However, BJ Penn and Renzo Gracie are two of my all time favorite fighters. So I will watch with great abandon.
Riov:
I respect what Eddie Bravo has done immensely. The rubber guard system he has developed is one of the best ways to control your aggressor's posture while protecting yourself from blows. However, I find it greatly falls within the realm of use for sport, rather than self defense, and here's why I think that and why I think that it being so is a problem. I'm sure you know most of it, but I want to be comprehensive.
Firstly, MMA came from Vale Tudo and challenge matches the Gracies used as way to hone and develop their art and try out techniques. They received this philosophy from Mitsuyo Maeda who was Jigoro Kano's student. The Kodokan forbid challenge matches and professional fights since the Kodokan's purpose was to develop Judo not only as combat effectiveness self defense style, but to be a social and educational tool within Japanese society so that the martial skills that Japan used pre-Meiji Restoration might be preserved more readily.
However, MMA has become a sport, far removed from challenge matches. Things like round times, stand-ups, judges decisions and use of gloves greatly favor wrestlers and kickboxing styles over grapplers like Judo, Sambo and Jujutsu players. Grapplers have to contend with not only round timers but being stood up and thus have a time pressure which works directly against the philosophy of exhausting your opponents, advancing your position and then finishing the fight. Gloves hinder our ability to grab and feel while grappling and greatly help wrestlers punch with full power without fear of breaking a hand. Judges decisions mean working from the guard often loses you the fight because top control is erroneously considered more important than guys like BJ Penn or the Diaz brothers who are great guard players and could probably finish the fight from underneath given enough time. Just watch round 3 of Diego Sanchez against Jon Fitch. Fitch did his usual lay and pray style which comes from his wrestling pedigree while Sanchez tried to end the fight with at least 9 submission attempts from guard. Jon just survived.
So MMA is a limited tool for measuring success of how well jujutsu can be used to defend oneself, because unlike the vale tudo fights and challenge matches, it is further removed from a street fight situation.
But what we do see in MMA is this: those fighters who are most dangerous inside the guard are typically world class wrestlers with enough submission knowledge to avoid getting swept or submitted from inside the guard. Ken Shamrock way back in the day was the first guy to do this, which makes sense because he was a catch wrestler and had great submission knowledge, but also a freestyle wrestler which gave him good positional knowledge and takedowns. The guys most dangerous from guard and half guard are guys like Georges St. Pierre, Brock Lesnar, Jon Fitch (more conservative) etc. These guys all have world class wrestling pedigrees, particularly GSP.
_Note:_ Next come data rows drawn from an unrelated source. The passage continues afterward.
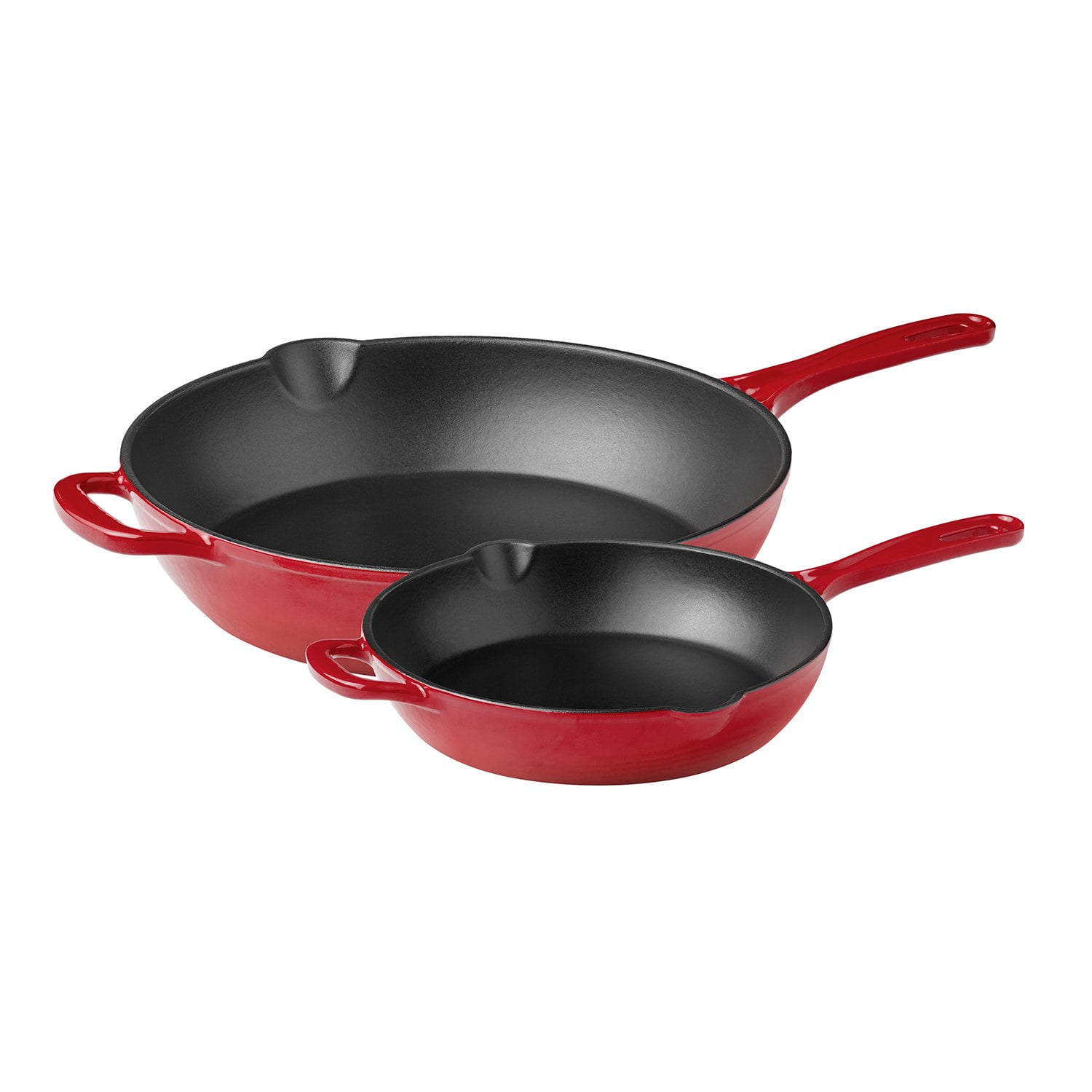 The exclusive enamel coating and long-lasting heat retention make these skillets a kitchen must-have. With an easy-pour side spout, it’s easy to drain excess grease and pour sauce. The heat-resistant, ergonomic cast handles, as well as the side handles provide a comfortable grip for easy moving and serving.
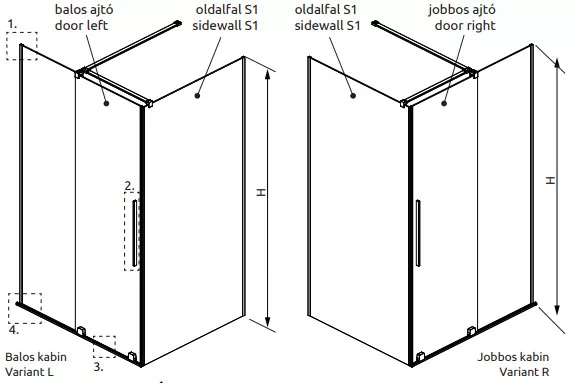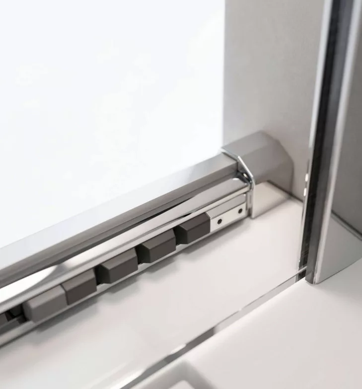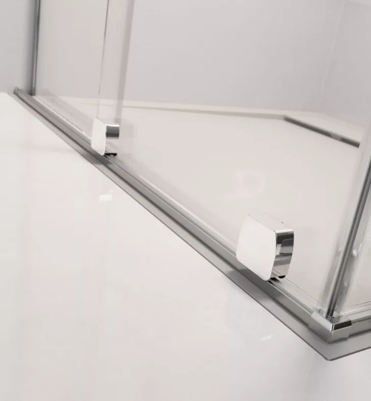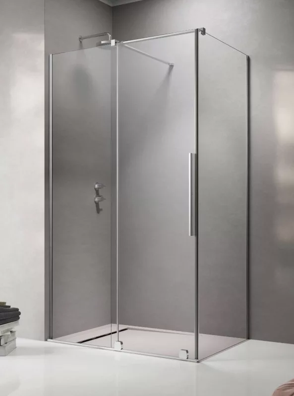Szögletes zuhanykabin egy fixfallal és egy alsógörgős ajtóval.
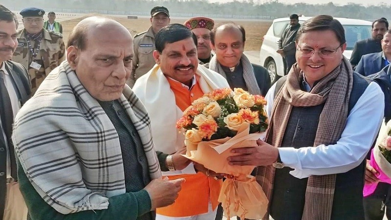देहरादून, खबर न्यू इंडिया (न्यूज़ डेस्क) : मुख्यमंत्री पुष्कर सिंह धामी ने केंद्रीय रक्षा मंत्री राजनाथ सिंह के देवभूमि उत्तराखंड आगमन पर जौलीग्रांट एयरपोर्ट पर स्वागत किया। इस अवसर पर मुख्यमंत्री ने मध्यप्रदेश के मुख्यमंत्री डॉ. मोहन यादव का भी देवभूमि आगमन पर स्वागत किया।
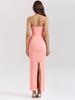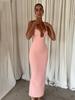 Falda Larga Nueva Transfronteriza Europea y Americana Sexy Moda Halter Cuello Descubierto Sin Mangas Ajustado Vestido Falda Rosa
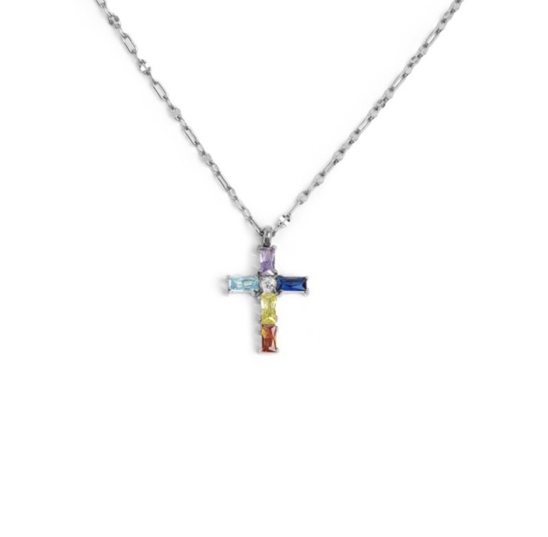 ° Collana croce con zirconi colorati
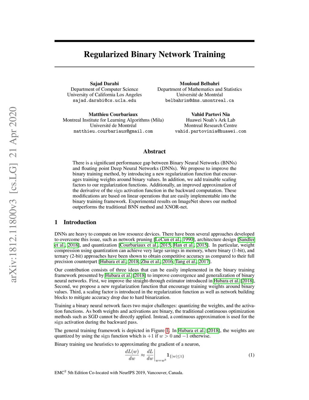 There is a significant performance gap between Binary Neural Networks (BNNs) and floating point Deep Neural Networks (DNNs). We propose to improve the binary training method, by introducing a new regularization function that encourages training weights around binary values. In addition, we add trainable scaling factors to our regularization functions. Additionally, an improved approximation of the derivative of the sign activation function in the backward computation. These modifications are based on linear operations that are easily implementable into the binary training framework. Experimental results on ImageNet shows our method outperforms the traditional BNN method and XNOR-net.
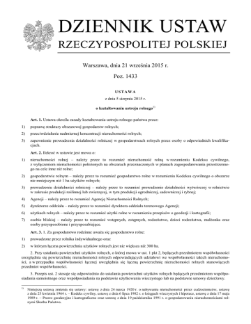 DZIENNIK USTAW RZECZYPOSPOLITEJ POLSKIEJ Warszawa, dnia 21 września 2015 r. Poz. 1433 US T AW A z dnia 5 sierpnia 2015 r. o kształtowaniu ustroju rolnego1) Art. 1. Ustawa określa zasady kształtowania ustroju rolnego państwa przez: 1) poprawę struktury obszarowej gospodarstw rolnych; 2) przeciwdziałanie nadmiernej koncentracji nieruchomości rolnych; 3) zapewnienie prowadzenia działalności rolniczej w gospodarstwach rolnych przez osoby o odpowiednich kwalifikacjach. Art. 2. Ilekroć w ustawie jest mowa o: 1) nieruchomości rolnej – należy przez to rozumieć nieruchomość rolną w rozumieniu Kodeksu cywilnego, z wyłączeniem nieruchomości położonych na obszarach przeznaczonych w planach zagospodarowania przestrzennego na cele inne niż rolne; 2) gospodarstwie rolnym – należy przez to rozumieć gospodarstwo rolne w rozumieniu Kodeksu cywilnego o obszarze nie mniejszym niż 1 ha użytków rolnych; 3) prowadzeniu działalności rolniczej – należy przez to rozumieć prowadzenie działalności wytwórczej w rolnictwie w zakresie produkcji roślinnej lub zwierzęcej, w tym produkcji ogrodniczej, sadowniczej i rybnej; 4) Agencji – należy przez to rozumieć Agencję Nieruchomości Rolnych; 5) dyrektorze oddziału – należy przez to rozumieć dyrektora oddziału terenowego Agencji; 6) użytkach rolnych – należy przez to rozumieć użytki rolne w rozumieniu przepisów o geodezji i kartografii; 7) osobie bliskiej – należy przez to rozumieć wstępnych, zstępnych, rodzeństwo, dzieci rodzeństwa, małżonka oraz osoby przysposobione i przysposabiające. Art. 3. 1. Za gospodarstwo rodzinne uważa się gospodarstwo rolne: 1) prowadzone przez rolnika indywidualnego oraz 2) w którym łączna powierzchnia użytków rolnych jest nie większa niż 300 ha. 2. Przy ustalaniu powierzchni użytków rolnych, o której mowa w ust. 1 pkt 2, będących przedmiotem współwłasności uwzględnia się powierzchnię nieruchomości rolnych odpowiadających udziałowi we współwłasności takich nieruchomości, a w przypadku współwłasności łącznej uwzględnia się łączną powierzchnię nieruchomości rolnych stanowiących przedmiot współwłasności. 3. Przepis ust. 2 stosuje się odpowiednio do ustalania powierzchni użytków rolnych będących przedmiotem współposiadania samoistnego oraz współposiadania na podstawie użytkowania wieczystego lub na podstawie umowy dzierżawy. 1) Niniejszą ustawą zmienia się ustawy: ustawę z dnia 24 marca 1920 r. o nabywaniu nieruchomości przez cudzoziemców, ustawę z dnia 23 kwietnia 1964 r. – Kodeks cywilny, ustawę z dnia 6 lipca 1982 r. o księgach wieczystych i hipotece, ustawę z dnia 17 maja 1989 r. – Prawo geodezyjne i kartograficzne oraz ustawę z dnia 19 października 1991 r. o gospodarowaniu nieruchomościami rolnymi Skarbu Państwa. Dziennik Ustaw –2– Poz. 1433 Art. 4. 1. Za rolnika indywidualnego, o którym mowa w art. 3 ust. 1 pkt 1, uważa się osobę fizyczną będącą właścicielem, użytkownikiem wieczystym, samoistnym posiadaczem lub dzierżawcą nieruchomości rolnych, których łączna powierzchnia użytków rolnych nie przekracza 300 ha, posiadającą kwalifikacje rolnicze oraz co najmniej od 5 lat zamieszkałą w gminie, na obszarze której jest położona jedna z nieruchomości rolnych wchodzących w skład gospodarstwa rolnego, i prowadzącą przez ten okres osobiście to gospodarstwo. 2. Uważa się, że osoba fizyczna: 1) osobiście prowadzi gospodarstwo rolne, jeżeli: a) pracuje w tym gospodarstwie, b) podejmuje wszelkie decyzje dotyczące prowadzenia działalności rolniczej w tym gospodarstwie; 2) posiada kwalifikacje rolnicze, jeżeli uzyskała: a) wykształcenie rolnicze zasadnicze zawodowe, średnie lub wyższe lub b) tytuł kwalifikacyjny lub tytuł zawodowy, lub tytuł zawodowy mistrza w zawodzie przydatnym do prowadzenia działalności rolniczej i posiada co najmniej 3-letni staż pracy w rolnictwie, lub c) wykształcenie wyższe inne niż rolnicze i posiada co najmniej 3-letni staż pracy w rolnictwie albo wykształcenie wyższe inne niż rolnicze i ukończone studia podyplomowe w zakresie związanym z rolnictwem, albo wykształcenie średnie inne niż rolnicze i posiada co najmniej 3-letni staż pracy w rolnictwie, lub d) wykształcenie podstawowe, gimnazjalne lub zasadnicze zawodowe inne niż rolnicze i posiada co najmniej 5-letni staż pracy w rolnictwie. 3. Za staż pracy, o którym mowa w ust. 2, uznaje się okres, w którym osoba fizyczna: 1) podlegała ubezpieczeniu społecznemu rolników lub 2) prowadziła działalność rolniczą w gospodarstwie rolnym o obszarze nie mniejszym niż 1 ha stanowiącym jej własność, przedmiot użytkowania wieczystego, przedmiot samoistnego posiadania lub dzierżawy, lub 3) była zatrudniona w gospodarstwie rolnym na podstawie umowy o pracę lub spółdzielczej umowy o pracę, wykonując pracę związaną z prowadzeniem działalności rolniczej, lub 4) wykonywała pracę związaną z prowadzeniem działalności rolniczej w charakterze członka spółdzielni produkcji rolnej, lub 5) odbyła staż, o którym mowa w art. 53 ust. 1 ustawy z dnia 20 kwietnia 2004 r. o promocji zatrudnienia i instytucjach rynku pracy (Dz. U. z 2015 r. poz. 149, z późn. zm.2)), obejmujący wykonywanie czynności związanych z prowadzeniem działalności rolniczej. 4. Przy ustalaniu powierzchni użytków rolnych, o których mowa w ust. 1, stosuje się odpowiednio przepisy art. 3 ust. 2 i 3. Art. 5. 1. Dowodem potwierdzającym osobiste prowadzenie gospodarstwa rolnego jest pisemne oświadczenie prowadzącego to gospodarstwo. 2. Dowodem potwierdzającym zamieszkanie jest zaświadczenie o zamieszkaniu wydane przez organ właściwy w sprawach ewidencji ludności. 3. Dowodem potwierdzającym powierzchnię posiadanych użytków rolnych są pisemne oświadczenia nabywcy i zbywcy nieruchomości rolnej zawierające informacje dotyczące numeru działki ewidencyjnej, jej poło
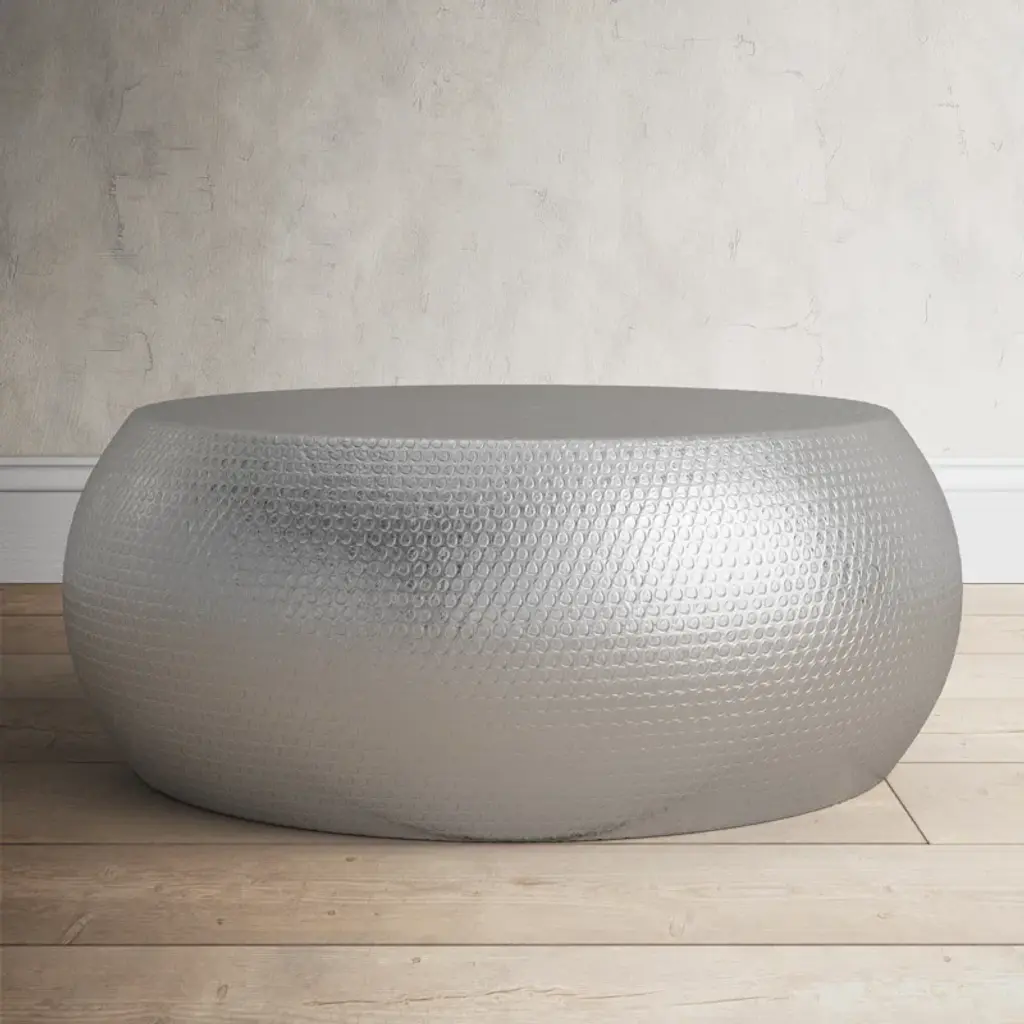 This metal drum coffee table is a sure way to bring a focal point and some extra surface space to any living room or den. It's thoughtfully crafted from high-quality metal in a silvery finish that'll pair well with any color palette or design aesthetic, from coastal cottage to traditional farmhouse. Best of all, this sofa table has an intricate hammered texture that glimmers at every angle. Best of all, this coffee table arrives fully assembled, so you can get right to decorating.
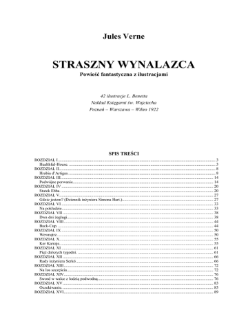 Jules Verne STRASZNY WYNALAZCA Powieść fantastyczna z ilustracjami 42 ilustracje L. Benetta Nakład Księgarni św. Wojciecha Poznań – Warszawa – Wilno 1922 SPIS TREŚCI ROZDZIAŁ I ............................................................................................................................................... 3 Healthful-House. ..................................................................................................................................... 3 ROZDZIAŁ II .............................................................................................................................................. 8 Hrabia d’Artigas. ..................................................................................................................................... 8 ROZDZIAŁ III........................................................................................................................................... 14 Podwójne porwanie................................................................................................................................ 14 ROZDZIAŁ IV .......................................................................................................................................... 20 Statek Ebba. .......................................................................................................................................... 20 ROZDZIAŁ V............................................................................................................................................ 27 Gdzie jestem? (Dziennik inżyniera Simona Hart.)................................................................................... 27 ROZDZIAŁ VI .......................................................................................................................................... 33 Na pokładzie.......................................................................................................................................... 33 ROZDZIAŁ VII ......................................................................................................................................... 38 Dwa dni żeglugi..................................................................................................................................... 38 ROZDZIAŁ VIII ........................................................................................................................................ 44 Back-Cup. ............................................................................................................................................. 44 ROZDZIAŁ IX .......................................................................................................................................... 50 Wewnątrz. ............................................................................................................................................. 50 ROZDZIAŁ X............................................................................................................................................ 55 Ker Karraje. ........................................................................................................................................... 55 ROZDZIAŁ XI .......................................................................................................................................... 61 Pięć dalszych tygodni. ........................................................................................................................... 61 ROZDZIAŁ XII ......................................................................................................................................... 66 Rady inżyniera Serkö. ............................................................................................................................ 66 ROZDZIAŁ XIII ........................................................................................................................................ 72 Na los szczęścia. .................................................................................................................................... 72 ROZDZIAŁ XIV........................................................................................................................................ 76 Sword w walce z łodzią podwodną. ........................................................................................................ 76 ROZDZIAŁ XV ......................................................................................................................................... 83 Oczekiwanie. ......................................................................................................................................... 83 ROZDZIAŁ XVI........................................................................................................................................ 89 Jeszcze kilka godzin............................................................................................................................... 89 ROZDZIAŁ XVII ...................................................................................................................................... 94 Jeden przeciwko pięciu. ......................................................................................................................... 94 ROZDZIAŁ XVIII ..................................................................................................................................... 98 Na pokładzie statku Tonnant. ................................................................................................................. 98 ROZDZIAŁ I Healthful-House. Piętnastego czerwca 189… dyrektorowi zakładu Healthful-House wręczono bilet wizytowy, na którym widniał prosty napis bez herbu i korony: Hrabia d’Artigas. Pod nazwiskiem w rogu biletu skreślono ołówkiem następujący adres: „Na statku Ebba, w porcie New Berne, P
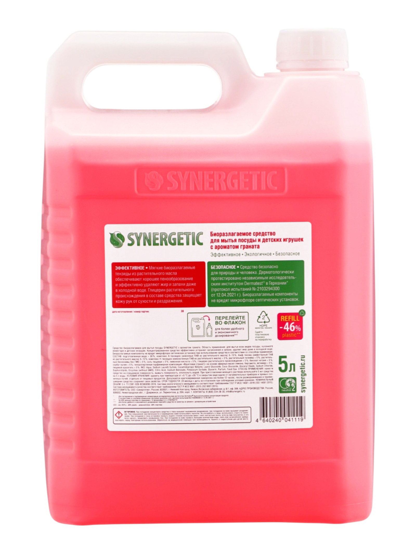 Гель для мытья посуды сочный гранат, 5 л, Synergetic, Россия
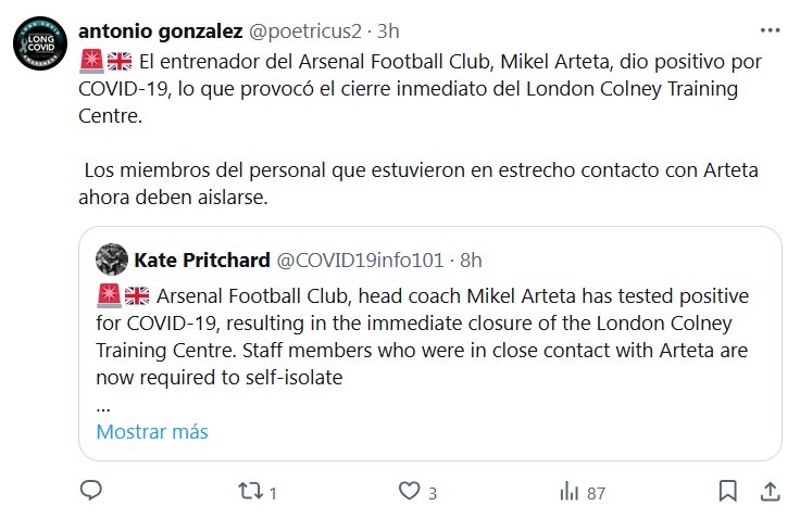 «YA NO HAY COVID», SALVO EN TODOS LADOS! antonio gonzalez @poetricus2 · 3h 🚨🇬🇧 El entrenador del Arsenal Football Club, Mikel Arteta, dio positivo por COVID-19, lo que provocó el cierre inmediato del London Colney Training Centre. Los miembros del personal que estuvieron en estrecho contacto con Arteta ahora deben aislarse
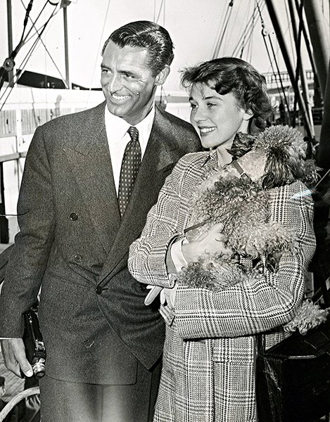 « La star Cary Grant, est accueilli à son retour à Los Angeles, Californie, par l’actrice Betsy Drake. L’acteur a déclaré aux journalistes qu’il avait demandé à mademoiselle Drake de l’épouser, mais qu’elle n’avait pas encore accepté. »
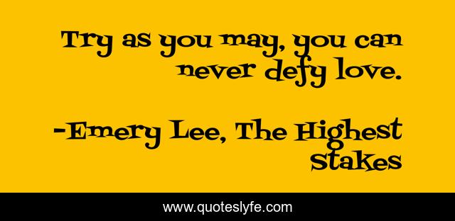 This page presents the quote "Try as you may, you can never defy love.". Author of this quote is Emery Lee, The Highest Stakes. This quote is about true-love, charlotte, love, destiny, robert, emery-lee, affection,.
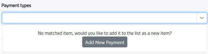 To add new payment method, type the name and click on “Add New Payment”
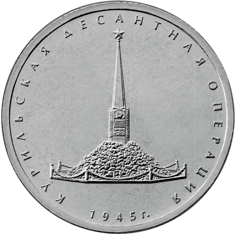 рельефное изображение «Памятника воинам Советской Армии — освободителям Курильских островов в 1945 г.»; вдоль канта — надписи: «КУРИЛЬСКАЯ ДЕСАНТНАЯ ОПЕРАЦИЯ» и «1945 г.».
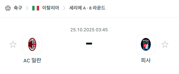 [이탈리아 세리에A] 2025년10월25일 AC 밀란 vs 피사 분석 중계
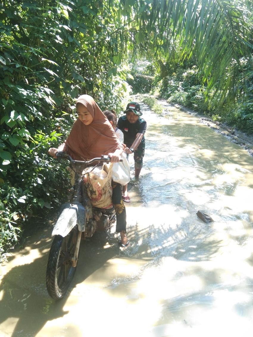 Sebuah motor milik Ibu Yulida Siregar tiba-tiba mogok di tengah jalan karena kehabisan bahan bakar. Namun, bantuan tak terduga datang dari Prada Timbul Manurung, anggota Satgas TMMD, yang dengan cepat turun tangan membantu mendorong motor tersebut.
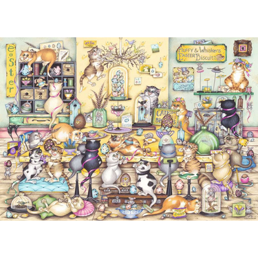 Step into a delightfully chaotic world of feline fun! Join the mischievous moggies as they dive whisker-first into Easter festivities, surrounded by colourful eggs, playful patterns, and delightful springtime details. Every corner of this puzzle bursts with personality, humour, and intricate artwork that will keep you smiling as you piece it together.
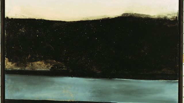In April 1958, Colin McCahon travelled to the US, responding both to the expansiveness of the American landscape and to the modern American paintings that he saw in museums. On his return, his works increased in scale while economizing in gesture: the landscape elements of tomorrow have been reduced to a horizon and lowering sky, with the land bisected by a grey river. He converted his Titirangi garage into a studio, and built an extra bedroom for his children underneath. The studio was gloomy – there was only one small side window for light when the garage door was closed – but it precipitated dozens of new works. Tomorrow was an unfortunate painting, said McCahon, ‘in that it wouldn’t go right, and I got madder and madder. I hurled a whole lovely quart tin of black Dulux at the board and reconstructed the painting out of the mess.’ The black paint (a commercial flooring paint, mixed with sand) dripped down the surface of the work and ran between wide cracks in the studio floorboards, ruining clothes and bed linen in his sons’ room below. He finally finished the painting in May 1959.

Where Mission Control is so powerful is its ability to break the posture of wrestlers and control the ground fighting ability to sit in guard and rain down very devastating punches. In a street situation, most attackers aren't going to know how to posture out of a guard, how to avoid submissions and will likely make basic mistakes allowing you to pin their wrist for a keylock or give up a triangle or arm bar. Furthermore, most attackers in the street are not going to be knowledgeable enough to pass the guard, at least not before you can advance yourself from guard and get a sweep to put yourself in full mount.
So Mission Control really has its best uses in Sport Jujitsu, Submission tournaments or MMA. However, the cost of using it means it requires good flexibility and more extraneous movements which use energy. The guiding principals that were used to develop Gracie's jututsu system are energy efficiency, natural body motions (low flexibility) and limited requirements of strength, power, speed and general athleticism.
Like I said prior, Mission Control and the rubber guard positions you can advance to beyond it are great for breaking an aggressors' posture. Against a big enough guy, they might be one of the few ways survive.
Of course, jujutsu is constantly being refined and Eddie Bravo might have stumbled onto the next very important pieces of the puzzle. And I'm only a beginner/novice at any rate.
Most of my workouts always include drilling the fundamentals, sweeps from the mount and guard, submissions from full guard, full mount, rear mount, side control, knee on belly and positional moves. I have a repertoire of very basic moves, maybe 40 techniques and a variation or two on each, but I drill them into memory and try to tweak them each time to make it better, more energy efficient and tighter.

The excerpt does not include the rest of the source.